The bottom line used to be patient care but now it's having the latest technology, the most modern building, and upgraded rooms (what does that really mean....more channels on the TV set??!!).
Hopefully, some of that $40 million dollars will be spent on recruiting and retaining qualified staff otherwise it's just a case of style over substance.
Will you get better health care or a Potemkin-like facade?

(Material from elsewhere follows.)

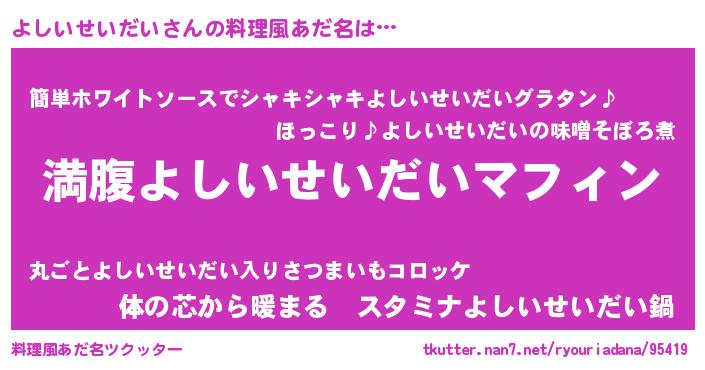 | 胡散臭い通販商品みたいなあだ名 | 『絶対に幸福をもたらす水素水…その名も「よしいせいだい」』 |
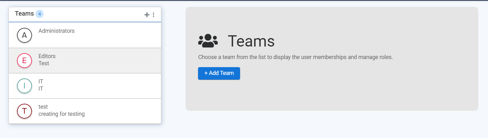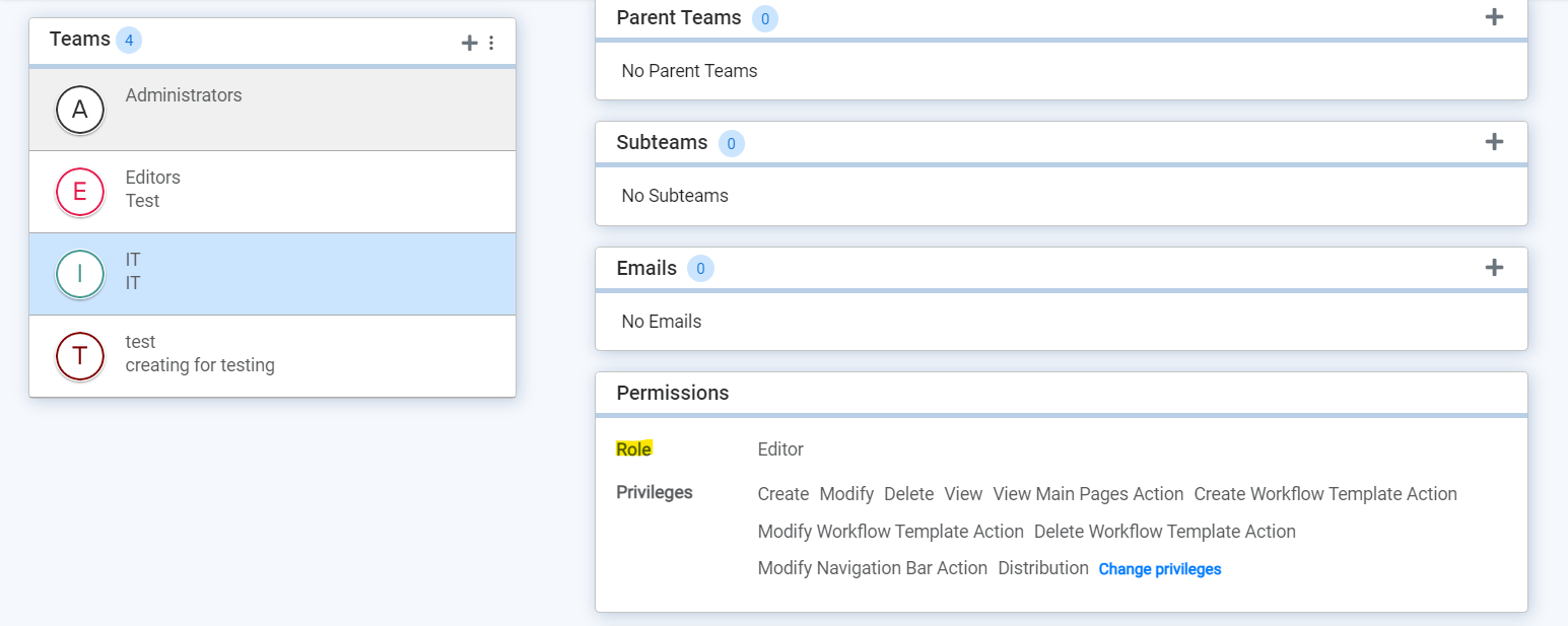 - Select a team in the Teams list. The team's current role is shown in permissions.

Bus Driver, you've missed a key point. Unless you're the perfect heart patient with no side symptoms, AHH & ASH aren't going to give you the time of the day.
Get your facts straight. They're more specialized than you think. They're not equipped to deal with any surprise problems occurring during surgery and don't want to have any.
Now, who do you want treating you if it's an emergency?
Hopefully you won't face that problem but until then I'd recommend a trip to a good brain surgeon. You seem to need it.

"They're not equipped to deal with any surprise problems occurring during surgery and don't want to have any.
"

So Col are you speaking from experience on this and you know this to be true or is this just something that you've "heard"?

Heard it from staff members at St Vincents when I queried them about the issue. The phrase they used describing the typical patient at ASH & AHH was "lucrative heart patients."

"Heard it from staff members at St Vincents"

Well that says enough right there. Did they also tell you that some of the same doctors that practice at AHH also practice at St. Vincents? and Baptist? So if they are evil doctors, why do there have priviledges there?

Did you know that AHH also has physicians on staff that can treat non-heart related conditions, such as kidney's and livers, in case a heart patient comes in and has complications? I bet you didn't, because the "staff at St. Vincent's" won't tell you that. They probably don't even know.

They are just repeating ridiculous accusations that are thrown at specialty facilities because they don't like the competition.

Tsk tsk. How you rant, Busdriver. How can there be any competition when ASH & AHH send the ones they won't treat to St Vincents, etc?
Hey, you're right they are good docs at ASH & AHH. It just also so happens they are highly selective. It's not that we're bad-mouthing those two hospitals but don't make them out to be more than they really are.
This flak about competition worrying other hospitals when it comes to heart patients is not true.
You just call 'em up and ask 'em if they'll treat anyone, no matter what. Ask 'em if they'll be the only ones who'll treat you no matter what or whether they'll farm you out to other systems because you don't quite fit their profile as they call it.
It's not fear of competition that's upset my friends but the hypocrisy and false impressions put out by ASH & AHH.
Go ahead. Check it out. Do some honest-to-goodness research from all sides of the question. Ask them what the exceptions are and their comments to these accusations.
It'll resolve the issue better than you or I can on this blog.

Its just one more racket. The emergency room in the new family medical clinic for the uninsured in our current health care system and, they can pass the cost on to the paying customers by way of higher insurance rates.

The tech bubble burst, the housing bubble burst, wait until the health care bubble bursts.

We can't keep going this way folks, it won't work.

I challenge YOU to call AHH and ask if they take all patients or only those with certain criteria. You obviously haven't done YOUR homework.

Mea culpa. I owe you a big apology BusDriver. I placed the call as you suggested. I guess if you're going to hop on a horse and ride it, you'd better see first if it has legs!!

Didn't have time to check out ASH, Did you call them?